数分ほど押し問答を続けているとエーミルがあることを提案した。
「ねえニーナちゃんって空中戦が得意なんだって? ならさ、俺様と勝負して俺様が勝ったらデートに付き合ってよ。俺様が負けたら諦めるってことでどう?」
「……それは、ええと」
ニーナは悩んでいるようだった。
確かに得意といっても新米であることに変わりはない。
経験値の差からしてもベテランのエーミルの方が上だ。
『ふぁああ ねえクリス、何が起こってるの?』
間の抜けた声でアリサが聞いてくる。
さっきからやけに静かだとは思っていたがどうやら寝ていたらしい。
『ニーナがデートをかけて模擬戦を申し込まれたんです』
『へぇ……なるほどねぇ、へへっ、いいこと思いついた』
アリサが楽しそうに笑った途端、とてつもなく嫌な予感がした。
全力でこの場を離れようとするも体を勝手に動かされてしまう。
自分の意思に反して体はニーナとエーミルの間に割り入っていた。
「あぁ、なんだよクリス。
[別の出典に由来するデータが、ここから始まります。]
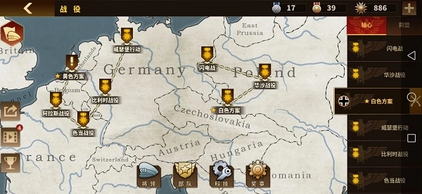 2、玩家要负责管理规模庞大的集团军,借助研发各类科技、招募雇佣援军、发动空袭与空降作战等方式,同时在变化迅速的征服态势里,灵活运用外交手段来选择结盟或是宣战。

邪魔すんのか?」
こちらを睨みつけるエーミル。
こ、怖えぇ……
謝って全力でこの場を離脱しようと思い謝罪の言葉を口にした。
「ニーナと勝負するんならその前に俺と勝負してくださいよ」
……え? ちょっと待ってくれ! 俺はそんな事喋るつもりは
「もし俺が負けたらなんでもいうことを聞きますよ」
ちょっと、アリサさん!! 何勝手なこと言ってるんですかぁ!!
「もしかして新米の俺に負けると思ってるんですか?」
……あぁ、挑発までして……
「なんだとぉ!上等だコラ、お前を完膚なきまでに叩き潰してやるよ!」
完全にスイッチの入ったエーミル
普通だったはずの楽しい歓迎会は儚く消え去っていった。